Un autre principe adopté par le duo est que nous devrions regarder autour de nous (ou vers l'intérieur) les systèmes que les humains ont déjà construits pour déterminer la meilleure façon d'aller de l'avant. Cette approche de l'"indigénisme radical" est évidente dans un livre dont Watson est l'auteur, intitulé "Lo-TEK", où TEK est l'abréviation de "Traditional Ecological Knowledge". Elle y explore la manière dont diverses cultures indigènes du monde entier ont appliqué de manière créative leur expérience acquise à la résolution de problèmes dans leurs propres communautés. L'ouvrage postule que les solutions à certains des dilemmes auxquels nous sommes confrontés aujourd'hui - montée des eaux, détérioration de la qualité de l'air, élimination des déchets - peuvent très bien exister ailleurs dans le monde. Watson a publié ce livre pour faire connaître au monde entier ces innovations primitives souvent négligées.
Mme Salembier se fait l'écho du désir de M. Watson de réaliser des interventions locales et spécifiques à un site lorsqu'elle décrit sa propre philosophie en matière d'horticulture et d'aménagement paysager. Cet aspect et leur désir mutuel d'appliquer ces philosophies à l'échelle ont fait de ces deux personnes une association naturelle lorsqu'elles se sont rencontrées dans le but de trouver un partenaire avec lequel elles pourraient étendre leur champ d'action respectif.
Le travail de Watson Salembier au Rockefeller Center pourrait être une fenêtre sur les aspirations du cabinet. Leur intervention, une série de jardinières regorgeant de plantes indigènes et intercalées parmi les aménagements durs qui définissent les super-blocs urbains, est une bouffée d'air frais. Et pourtant, le réaménagement de l'un des points de repère les plus reconnaissables de la jungle de béton est une petite entreprise par rapport à ce que les deux femmes veulent accomplir.
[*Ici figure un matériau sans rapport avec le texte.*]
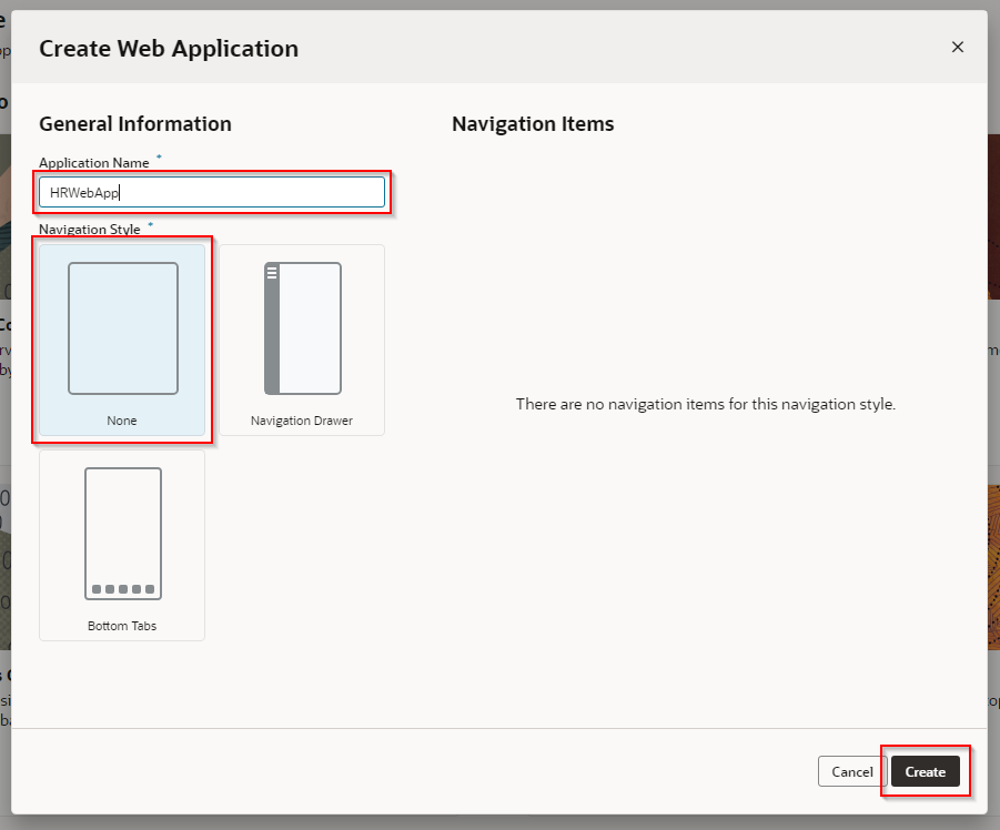 「Create Web Application」 ダイアログ・ボックスが表示されたら、 「Application Name」 フィールドに 「HRWebApp」 と入力し、 Navigation Style に 「None」 を選択し、 「Create」 ボタンをクリックします。

Elles demandent à leur client, l'une des sociétés d'investissement immobilier les plus importantes des États-Unis, de mettre en place des installations horticoles plus grandes et plus permanentes dans l'ensemble de son portefeuille immobilier. Elles ont des conversations similaires sur l'accès aux espaces verts, aux espaces communs et à l'habitabilité à l'échelle urbaine avec des municipalités dans leur pays et à l'étranger.
Il n'est pas facile d'étendre la conception en fonction de l'emplacement, et Watson Salembier ne prétend pas avoir toutes les réponses. En prenant la parole lors de conférences et en enseignant dans des universités, il espère que sa vision des technologies durables et naturelles s'impose et qu'il crée un espace pour que de nouveaux leaders apparaissent et partagent leurs connaissances uniques avec le monde. De la même manière que leurs conceptions fournissent une plateforme pour que le paysage indigène s'épanouisse, leurs écrits, leur enseignement et leur engagement civique garantissent que les voix indigènes sont entendues.
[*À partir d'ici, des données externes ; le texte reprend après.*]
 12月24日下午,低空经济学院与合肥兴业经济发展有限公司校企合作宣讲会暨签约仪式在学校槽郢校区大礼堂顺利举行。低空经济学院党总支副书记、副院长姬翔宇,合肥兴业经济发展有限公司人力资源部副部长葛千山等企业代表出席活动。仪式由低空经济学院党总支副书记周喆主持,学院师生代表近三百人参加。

Alors que notre conversation touche à sa fin, mon esprit s'apaise. Ce qui m'avait mystifié au départ a été élaboré de manière si approfondie et si convaincante que leur pensée et leur processus semblent presque évidents. Il est évident que nous devons réaménager les environnements urbains qui contribuent au sentiment de déracinement et que l'adoption de technologies éprouvées basées sur la nature est un moyen astucieux de faire évoluer nos métropoles. Laissez à Watson Salembier le soin de nous faire avancer en regardant vers le passé.